Dengan cepat Alan memotongnya.
“Siapa bos di sini, hah? Aku atau kamu?”
Mata Alan menatap tajam. Jacob tak bisa membalas.
“Baik, dilaksanakan," angguk Jacob tidak berani membantah.
“Laporan berikutnya?” Jacob membacakan.
“Laporan datang dari keuangan. Tim Finance melaporkan Ardi Ibrahim. Orang tua Maya, mengembalikan dana 3,5 miliar rupiah.
Ada catatan:
"Saya mengembalikan aset milik Alan Andrew berupa kebun, rumah, kendaraan, perhiasan. Kami berhasil menjual semuanya dalam waktu dua bulan."
Alan terdiam. Rahangnya mengeras.
“Mereka… mengembalikan semuanya?”
Suara Alan pelan, penuh rasa tidak percaya.
“Kalau begitu, mereka tinggal di mana?” tanya Alan penasaran.
“Di rumah kontrakan kecil, di sudut desa, Pak!"
Alan terdiam lagi. Hatinya bergolak. Ia tiba-tiba teringat pesan almarhum ayahnya:
“Jika suatu hari nanti kau bertemu seseorang dia terlahir dari keluarga yang tidak memandangmu karena harta, perjuangkan dia. Jika boleh, jadilah bagian darinya. Karena mereka adalah manusia pilihan, berharga, dan berprinsip.”

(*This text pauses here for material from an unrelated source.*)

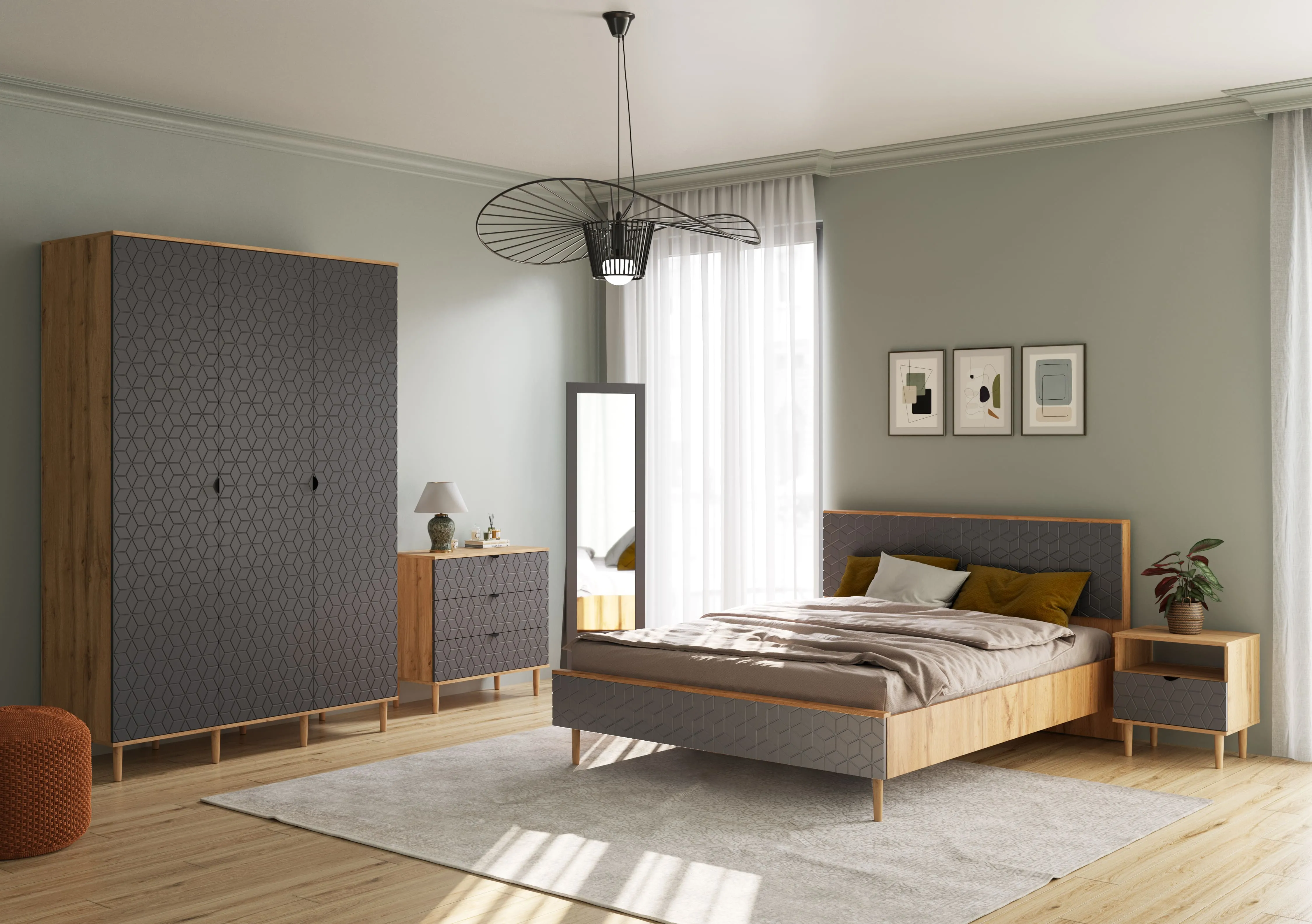 Спальный гарнитур “Денвер” выполнен в шикарном цветовом сочетании “Дуб вотан/Графит”, который привнесет в Ваш дом ощущение стиля, тепла и спокойствия.

Alan bangkit, gelisah. Ia kembali menyalakan rokok, menatap jendela dengan pandangan kosong.
“Laporan selanjutnya, Pak?” kata Jacob kembali membuka berkas online berikutnya.
“Aku ingin sendiri."
“Baik, Pak.”
Jacob berbalik, hendak keluar.
“Jacob.”
“Iya?”
“Aku tunggu kehadiran Maya. Secepatnya.”
“Siap, dilaksanakan!”
Jacob keluar dengan gelengan kepala.
“Cinta memang error.” gumamnya, pelan.
--
Akhirnya, CV Maya mendapat respons dari beberapa perusahaan yang ia lamar. Setelah melalui ujian kecil dan wawancara daring, satu per satu memberikan kabar baik.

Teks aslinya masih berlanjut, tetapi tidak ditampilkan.